# Doorbell: 2 buttons 3 chimes issues



## pedaldoc (Mar 23, 2015)

So my house had 1 button an 2 chimes run on 24/2 wire. transformer was a 16v/10VA. I needed to add a second button and a 3rd chime. I swapped the transformer for a 16v/30VA. then I pulled all new 18/2 wire  on the new button and new chime,and to the rear post on all existing chimes. But I left the 24/2 as it was working and I couldn't replace all of it due to house specifics.I mounted the button. connected everything up and the new button worked great. single chime on push of the 2nd button. was about to button everything up when I realized that the original button, although seemingly wired correctly  didn't work. (wired exactly the same as the rear only going to FRONT on the  chimes instead of rear)

After further inspection the front bell did work if I did a rapid fire push on the button. Basically I pushed the button like 5 times in rapid succession. then I get a very faint ding. the rear button was illuminated but the front was not. i rechecked my wiring a hundred times. I then unhooked everything. wired ONLY the front button and it chimes correctly on all 3 chimes.  so then I started adding in rear chimes. the main chime (near the transformer) works, but as soon as I added the 2nd chime (regardless of which of the 2 remaining chimes I added.) the front bell quits working. the rear bell always works. so trial and error, I decided to swap red/white wires on one of the remaining chimes (I just flipped which one went to the common transformer lead and which one went to the rear bell post). once I did this I was able to successfully add the remaining 2 chimes but now despite having the chimes wired to front/rear posts respectively, both bells ring the 2 chime note for the front door. after all my frustrations I'm almost satisfied with that. but I'd really like to know why it wouldn't work like it was supposed to ?

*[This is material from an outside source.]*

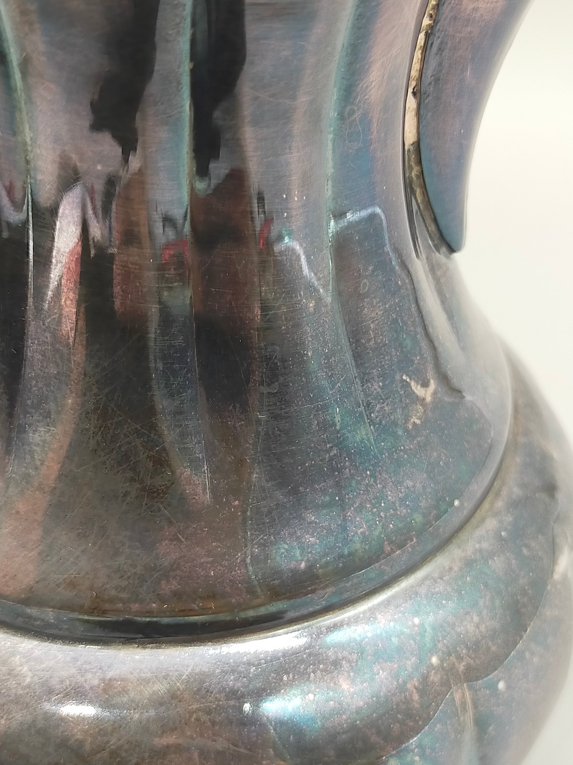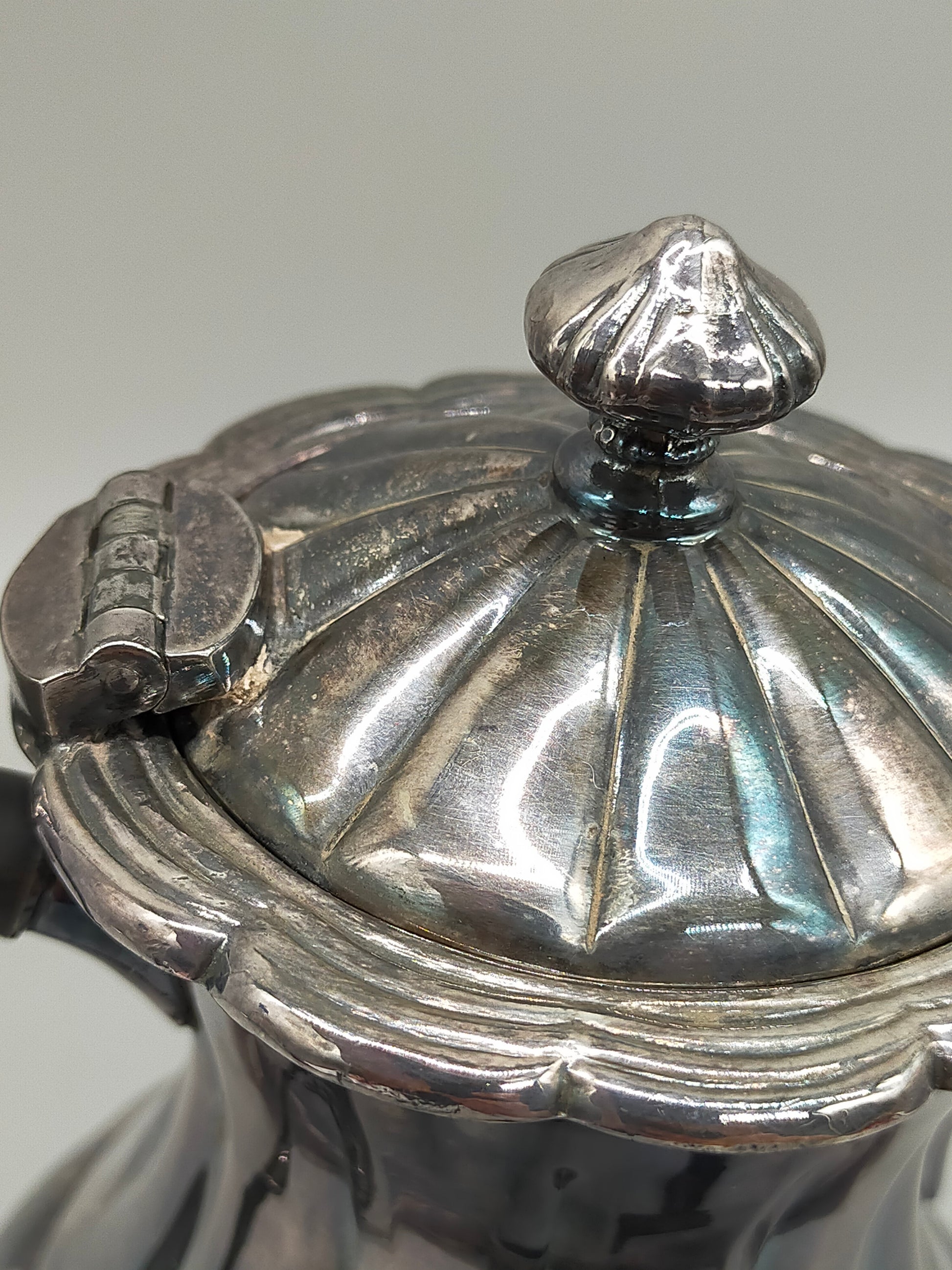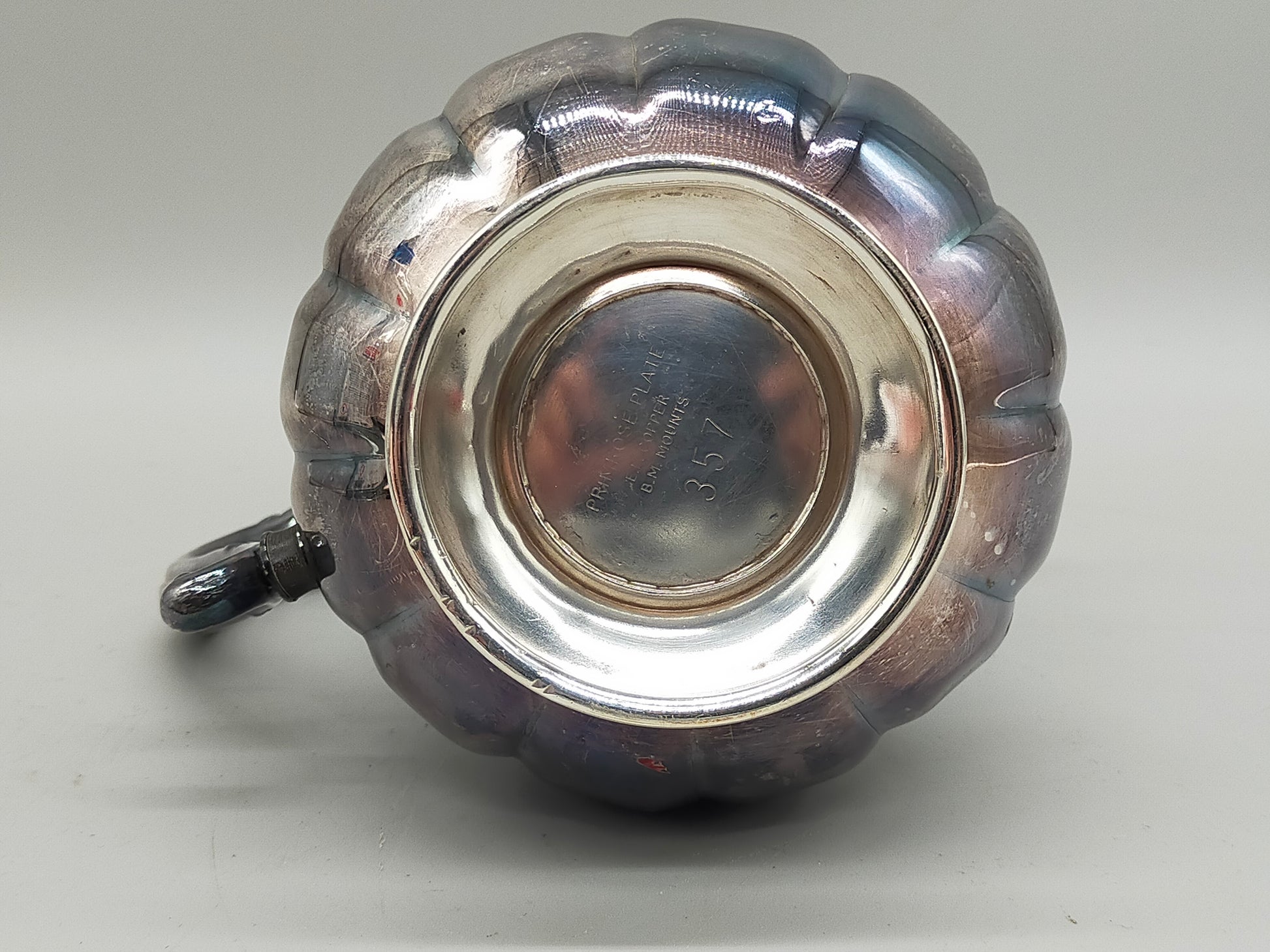 Herzlich willkommen, Diese exquisite Kaffeekanne der Marke Primrose Plate besticht durch ihr klassisches, bauchiges Design mit eleganten Längskanelierungen. Die feine Verarbeitung mit Britannia-Metall-Beschlägen (B.M. Mounts) auf einer Kupferbasis verleiht dem Stück eine beachtliche Schwere und Wertigkeit. Die charakteristische Patina unterstreicht den antiken Charme und macht sie zu einem idealen Dekorationsstück für Liebhaber klassischer Silberwaren.
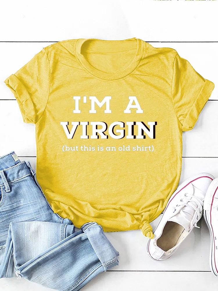 Я девственница Письменный Принт Женская Футболка Короткий Рукав O Шеи Свободная Женская Футболка Женские Футболки Топы Camisetas Mujer

Here's what I think I know:
I know both buttons work.
I know the transformer is able to drive 3 chimes. 
I know the wiring runs are solid, since I can get both front and rear to ring independently.

what I'm wondering is if one of the chimes, new or old, is somehow bad or can't handle the load since all the other stuff seems to be ok.

does it tell you something that when wired correctly the first button would only faintly ring if I pushed it many times fast?

thanks for the time and information. I'm not ready to tear it apart again until I think I can make some headway.


----------



## JoeD (Mar 23, 2015)

Something is crossed in your wiring I think. 
Perhaps you somehow had the front and back in series instead of in parallel? The more loads you add in series the lower voltage and none of them work.


----------



## pedaldoc (Mar 23, 2015)

I though they might be crossed too. but  I got all 3 chmes working on the 1st button. and then all 3chimes working on the 2nd button. pretty easy to take one button out of the circuit at the transformer. but I never got both buttons working at the same time. so I got 1st button working and then I started ading the 2nd button.
always when I added the 2nd chime the 1st button would die but the 2nd button ALWAYS works.
I'm wondering if one of the chimes is bridged or shorted in some way?
I guess he only way to know is take down the chimes and test them with a mini benchtop setup.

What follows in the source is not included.